Once the input datasets have been formatted appropriately, they are used to compute the length of the chromosomes present in the data. This is done through the `combine_chrom_length()` function, which is applied to a list of `GWAS_data`, `DE_data` or `CAN_data` objects:

```{r combine-chrom-length}
chrom_length <- combine_chrom_length(list(gwas_data,
                                          de_data,
                                          can_data))

chrom_length
```

The function works by calling for each element in the list the `compute_chrom_length()` function. The function, according to whether the input is a tibble of markers (`GWAS_data`) or genes (`DE_data` or `CAN_data`), looks for the maximum value in either the `position` column (for markers) or the `end` column (for genes).

```{r compute-chrom-length}
head(compute_chrom_length(gwas_data), 3)

head(compute_chrom_length(de_data), 3)
```

## Applying threshold

Next, the GWAS and DE results tibbles are filtered according to a threshold, in order to retain the significant markers or genes. This is done through the `apply_threshold()` function. This function has two (rather self-explanatory) arguments: `score_thr` and `log2fc_thr`.

When applied to a `GWAS_data` object, the function filters markers with a score above the value set with `score_thr` argument (the `log2fc_thr` argument is ignored), and returns an object of class `GWAS_data_thr`:

```{r apply-threshold-gwas}
dim(gwas_data)

gwas_data_thr <- apply_threshold(gwas_data, 
                                 score_thr = 4)

class(gwas_data_thr)

dim(gwas_data_thr)

head(gwas_data_thr)
```

For a `DE_data` object, the apply_threshold function filters genes based on both their score and log2(fold-change), and returns an object of class `DE_data_thr`:

```{r apply-threshold-de}
dim(de_data)

de_data_thr <- apply_threshold(de_data, 
                               score_thr = 2,
                               log2fc_thr = 0.5)

class(de_data_thr)

dim(de_data_thr)

head(de_data_thr)
```

Finally, if applied to a CAN_data object, the `apply_threshold()` function simply returns the input tibble as an object of class `CAN_data_thr`:

```{r apply-threshold-can}
dim(can_data)

can_data_thr <- apply_threshold(can_data, 
                                score_thr = 2,
                                log2fc_thr = 0.5)

class(can_data_thr)

dim(can_data_thr)

head(can_data_thr)
```

As for the `GWAS_data`, `DE_data` or `CAN_data` objects, the `GWAS_data_thr`, `DE_data_thr` and `CAN_data_thr` objects are really just tibbles.

## Creating the HIDECAN plot

Finally, the filtered datasets are combined into a list and passed on to the `create_hidecan_plot()` function, along with the tibble of chromosome length.

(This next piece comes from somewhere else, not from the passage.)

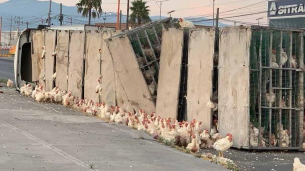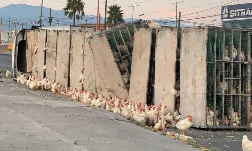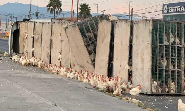 Ramos Arizpe.– La mañana de este miércoles, un tráiler que circulaba por el libramiento Óscar Flores Tapia, a la altura de su cruce con el bulevar Miguel Ramos Arizpe, terminó volcado sobre su costado izquierdo, dejando su carga de pollos y gallinas esparcida en el asfalto.

This is the function that generates the HIDECAN `ggplot`:

```{r create-hidecan-plot, fig.width = 10, fig.height = 10}
create_hidecan_plot(
  list(gwas_data_thr,
       de_data_thr,
       can_data_thr),
  chrom_length
)
```

This function shares most of its arguments with the `hidecan_plot()` wrapper for controlling different aspects of the plot.